__Assignment__.
Make an exact copy, from the records below, of the lines from the line containing "11日夜间~14日,新疆西南" to the line containing "近期,上海海洋大学海洋生物资源与管理学院余为研究员受Wiley Online Library旗下《Aquatic", both lines included, excluding pictures.

__Records provided__.
::::::::

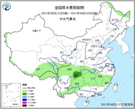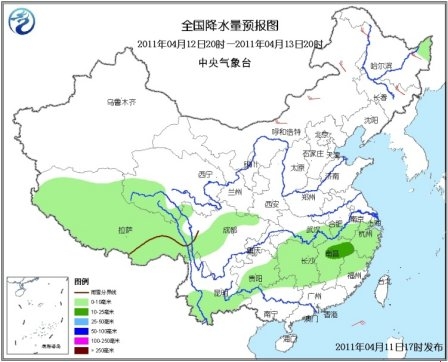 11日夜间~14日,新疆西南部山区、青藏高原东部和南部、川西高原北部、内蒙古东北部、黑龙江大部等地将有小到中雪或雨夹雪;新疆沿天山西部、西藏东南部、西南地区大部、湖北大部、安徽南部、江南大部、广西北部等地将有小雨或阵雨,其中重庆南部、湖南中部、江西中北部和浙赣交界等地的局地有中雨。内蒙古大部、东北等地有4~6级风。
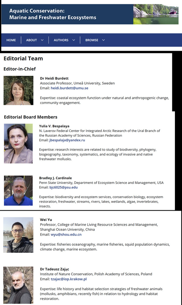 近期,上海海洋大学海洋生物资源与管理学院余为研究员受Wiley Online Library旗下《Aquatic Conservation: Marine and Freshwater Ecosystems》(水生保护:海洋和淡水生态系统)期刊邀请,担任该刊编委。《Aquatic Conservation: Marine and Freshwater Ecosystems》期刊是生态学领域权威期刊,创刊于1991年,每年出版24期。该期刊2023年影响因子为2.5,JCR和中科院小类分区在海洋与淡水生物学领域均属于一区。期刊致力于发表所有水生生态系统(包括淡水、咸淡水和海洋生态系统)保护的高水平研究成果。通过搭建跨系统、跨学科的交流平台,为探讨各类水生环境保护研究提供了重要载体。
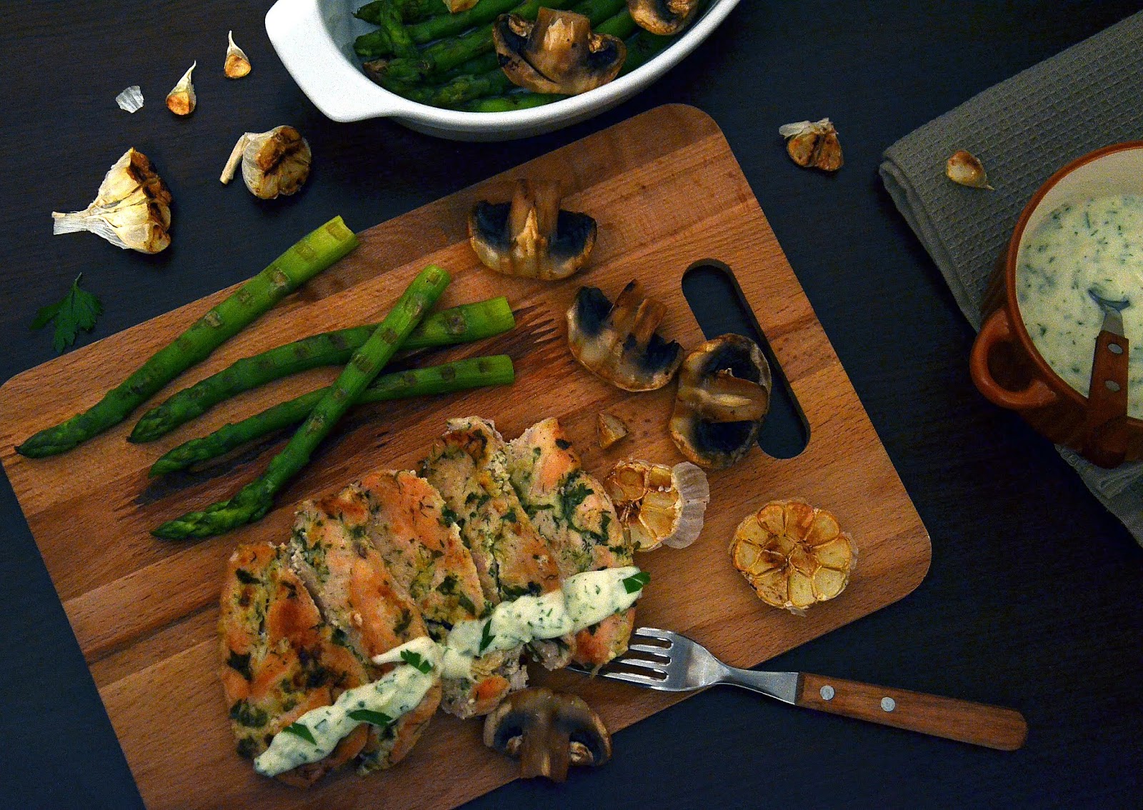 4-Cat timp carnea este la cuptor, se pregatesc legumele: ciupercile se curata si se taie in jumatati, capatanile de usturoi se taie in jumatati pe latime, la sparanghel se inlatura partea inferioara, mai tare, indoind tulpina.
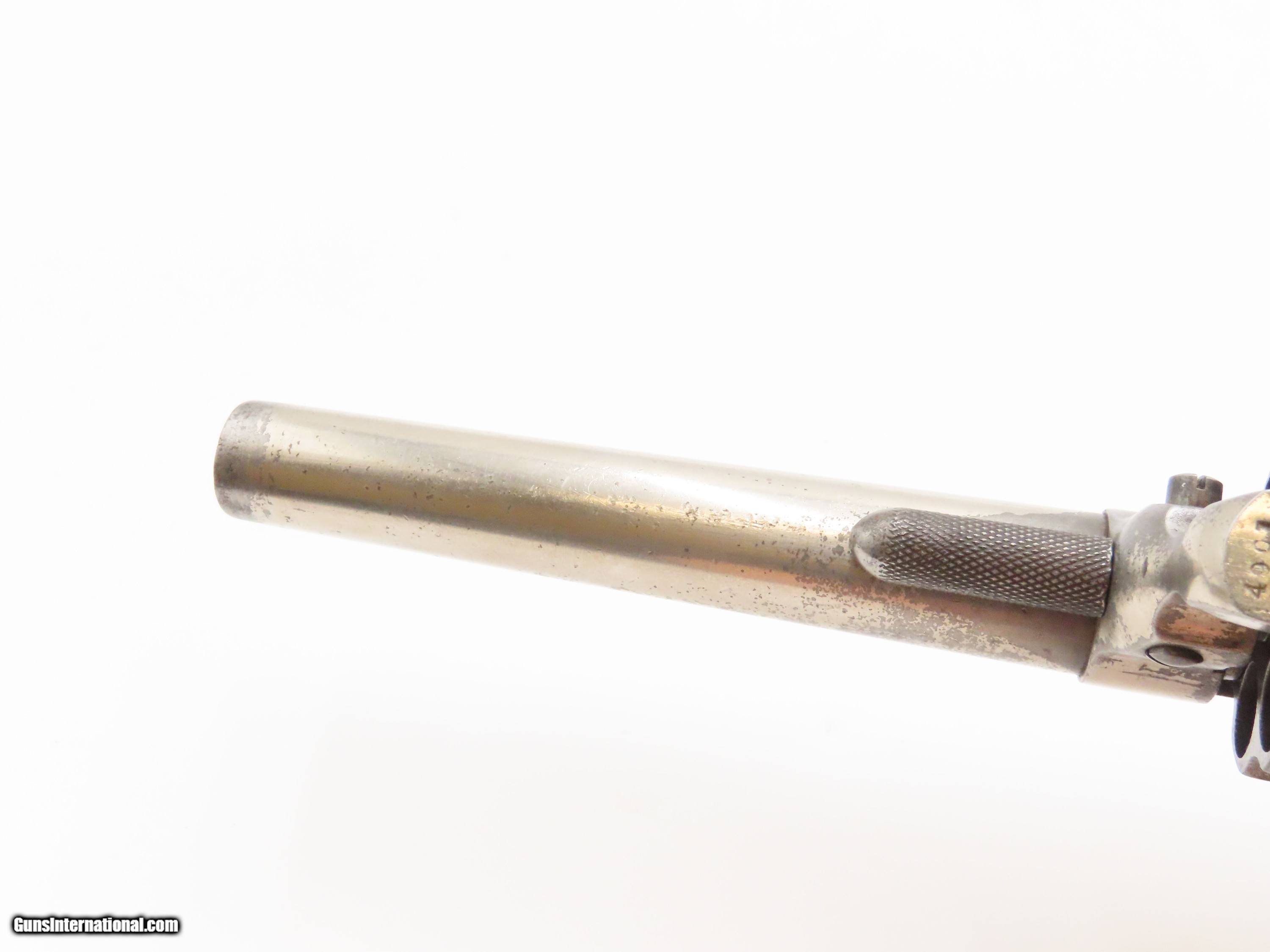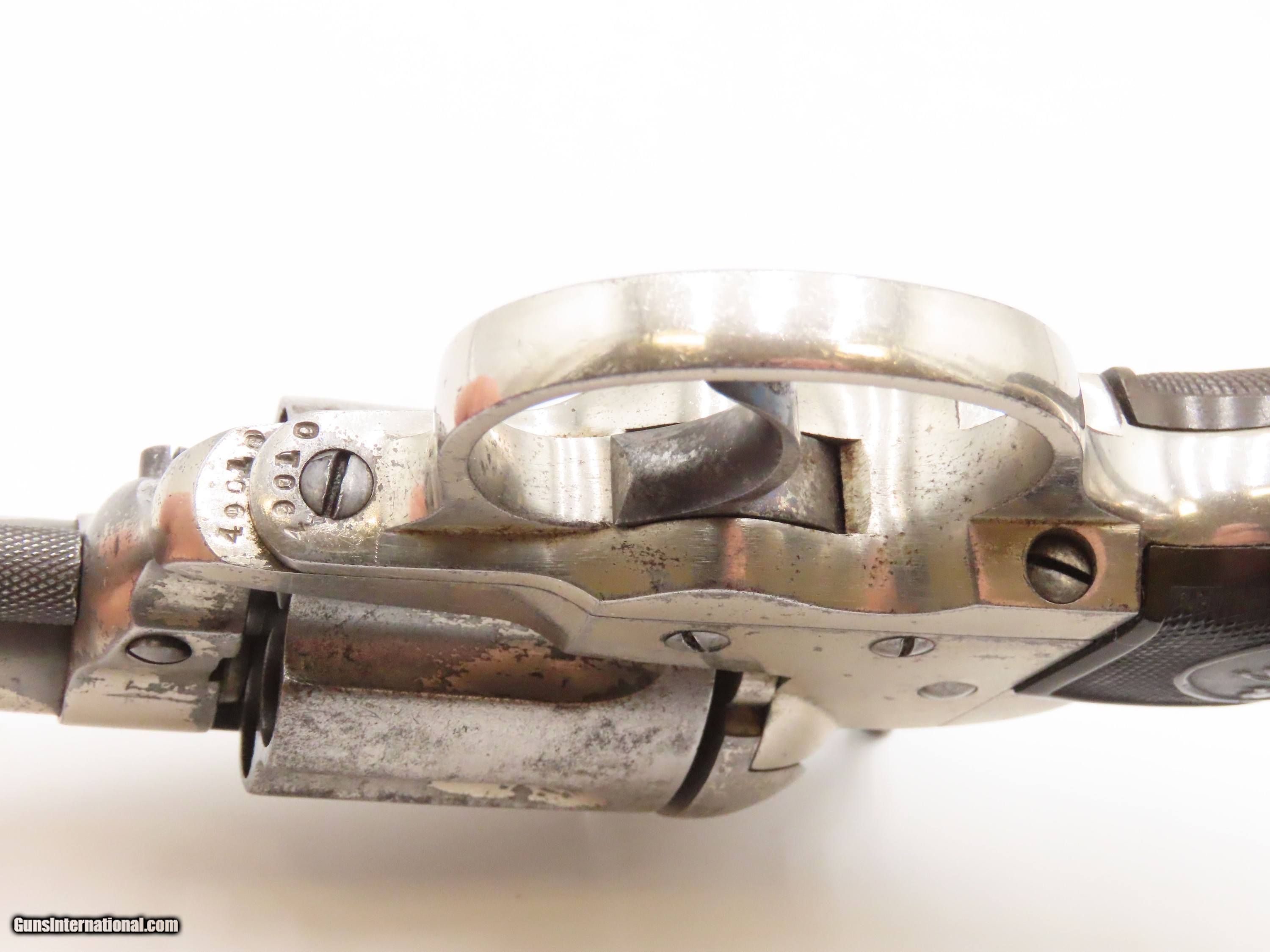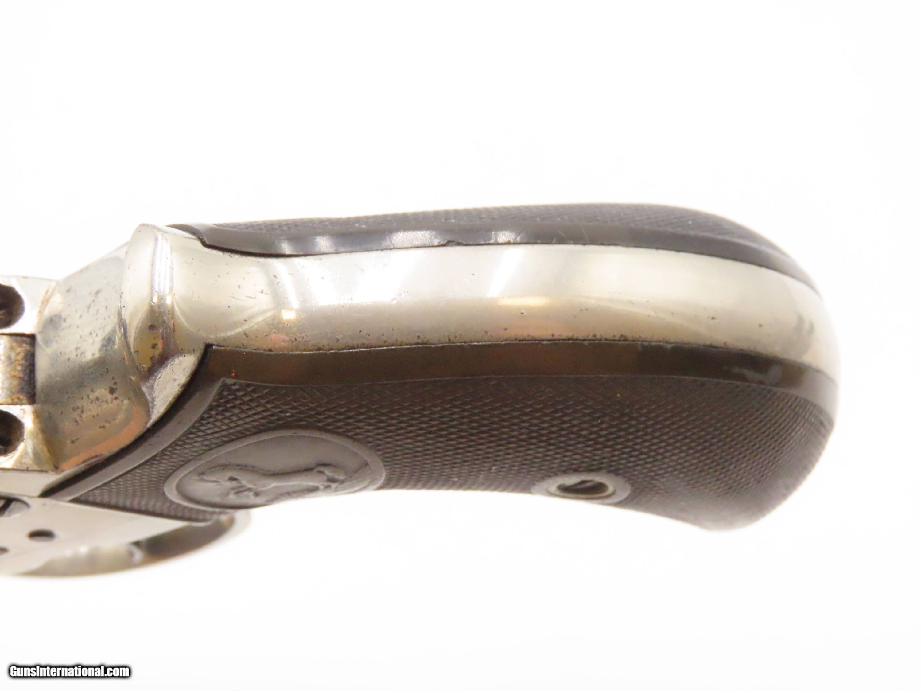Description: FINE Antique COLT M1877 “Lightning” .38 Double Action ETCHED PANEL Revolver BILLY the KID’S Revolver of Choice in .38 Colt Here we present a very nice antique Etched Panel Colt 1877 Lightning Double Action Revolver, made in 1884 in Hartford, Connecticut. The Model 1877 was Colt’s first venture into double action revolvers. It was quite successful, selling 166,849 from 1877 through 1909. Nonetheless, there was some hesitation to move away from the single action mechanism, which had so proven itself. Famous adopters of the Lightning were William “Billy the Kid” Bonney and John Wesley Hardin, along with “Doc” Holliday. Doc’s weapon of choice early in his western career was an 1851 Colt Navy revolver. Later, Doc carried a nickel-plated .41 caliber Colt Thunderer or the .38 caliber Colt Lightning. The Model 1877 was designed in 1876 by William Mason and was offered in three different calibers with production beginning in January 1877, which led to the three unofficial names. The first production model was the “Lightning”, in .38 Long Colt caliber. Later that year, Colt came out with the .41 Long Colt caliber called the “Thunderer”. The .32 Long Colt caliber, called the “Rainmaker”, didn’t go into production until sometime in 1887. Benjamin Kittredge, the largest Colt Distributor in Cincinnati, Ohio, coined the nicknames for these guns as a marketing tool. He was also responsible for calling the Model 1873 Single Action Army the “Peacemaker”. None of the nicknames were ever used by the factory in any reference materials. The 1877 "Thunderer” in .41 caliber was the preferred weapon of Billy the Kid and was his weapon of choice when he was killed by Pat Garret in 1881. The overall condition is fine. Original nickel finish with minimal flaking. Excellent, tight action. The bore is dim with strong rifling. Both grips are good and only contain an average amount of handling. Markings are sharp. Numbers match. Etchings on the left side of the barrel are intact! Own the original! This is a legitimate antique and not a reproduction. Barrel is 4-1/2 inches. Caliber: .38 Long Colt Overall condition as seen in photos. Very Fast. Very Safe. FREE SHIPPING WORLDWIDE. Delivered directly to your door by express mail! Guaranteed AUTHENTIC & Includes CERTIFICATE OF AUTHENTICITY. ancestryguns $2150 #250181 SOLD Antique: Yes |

::::::::

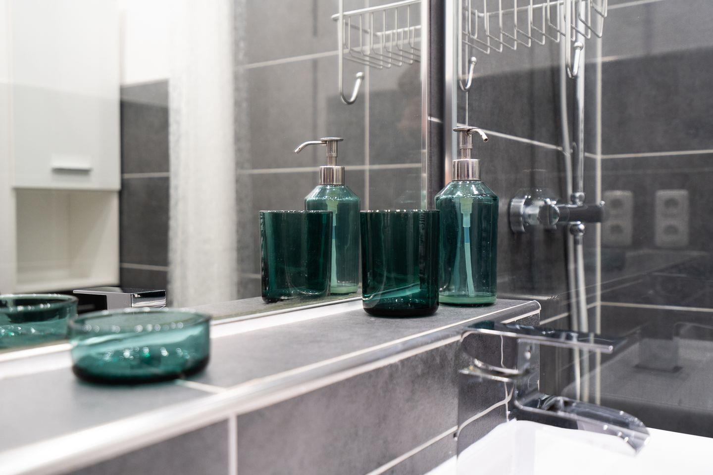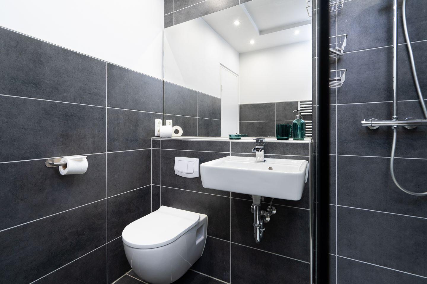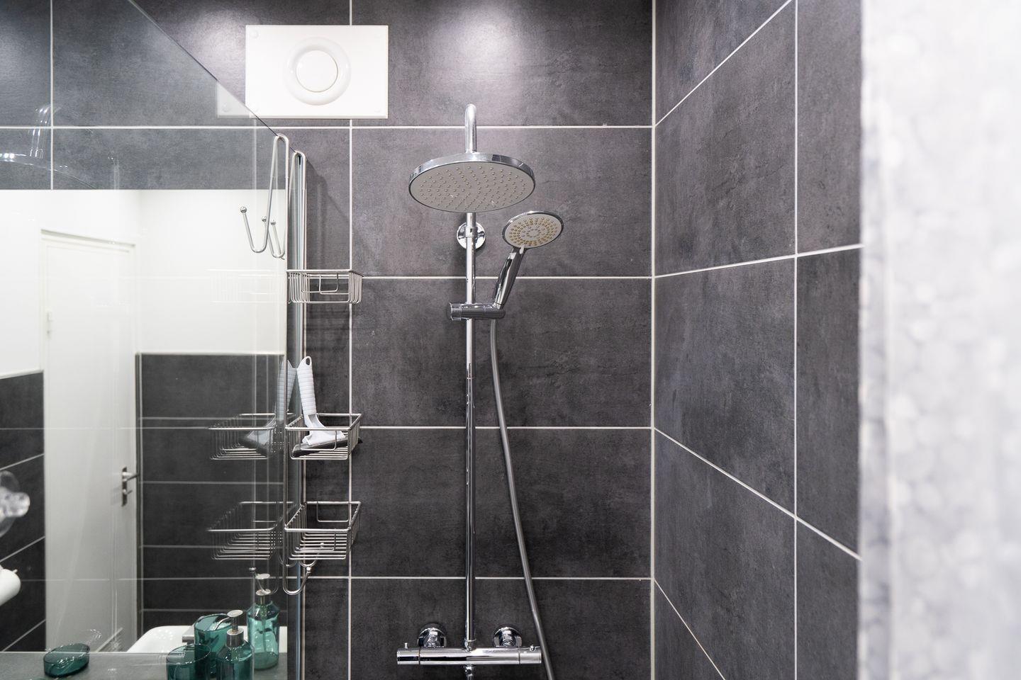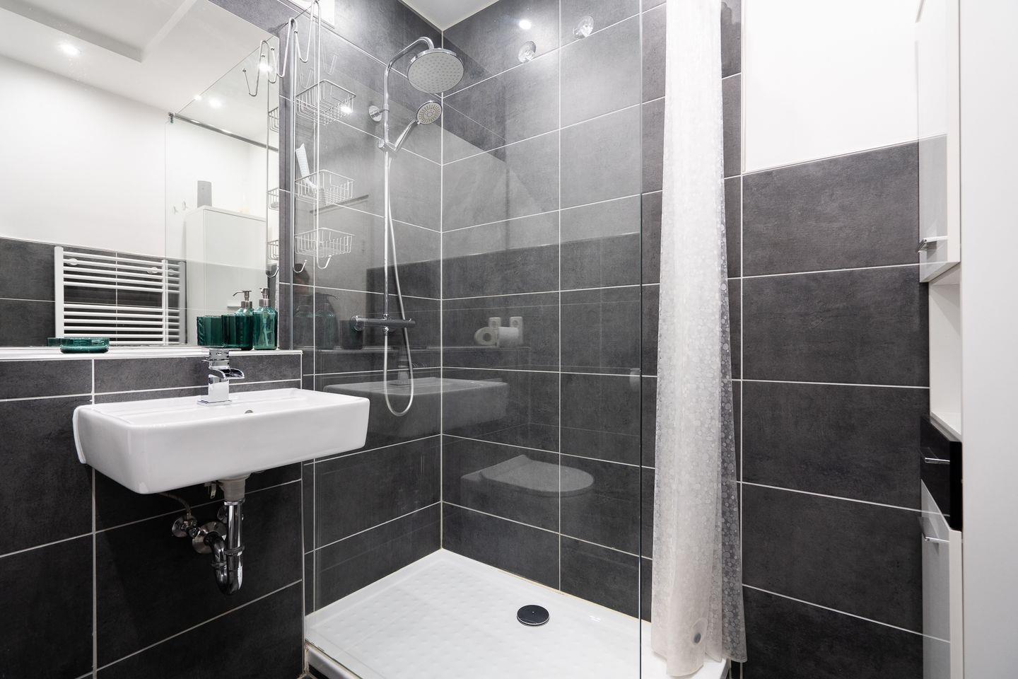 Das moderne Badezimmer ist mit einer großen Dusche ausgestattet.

::::::::

__Output for this exercise__.
 11日夜间~14日,新疆西南部山区、青藏高原东部和南部、川西高原北部、内蒙古东北部、黑龙江大部等地将有小到中雪或雨夹雪;新疆沿天山西部、西藏东南部、西南地区大部、湖北大部、安徽南部、江南大部、广西北部等地将有小雨或阵雨,其中重庆南部、湖南中部、江西中北部和浙赣交界等地的局地有中雨。内蒙古大部、东北等地有4~6级风。
 近期,上海海洋大学海洋生物资源与管理学院余为研究员受Wiley Online Library旗下《Aquatic Conservation: Marine and Freshwater Ecosystems》(水生保护:海洋和淡水生态系统)期刊邀请,担任该刊编委。《Aquatic Conservation: Marine and Freshwater Ecosystems》期刊是生态学领域权威期刊,创刊于1991年,每年出版24期。该期刊2023年影响因子为2.5,JCR和中科院小类分区在海洋与淡水生物学领域均属于一区。期刊致力于发表所有水生生态系统(包括淡水、咸淡水和海洋生态系统)保护的高水平研究成果。通过搭建跨系统、跨学科的交流平台,为探讨各类水生环境保护研究提供了重要载体。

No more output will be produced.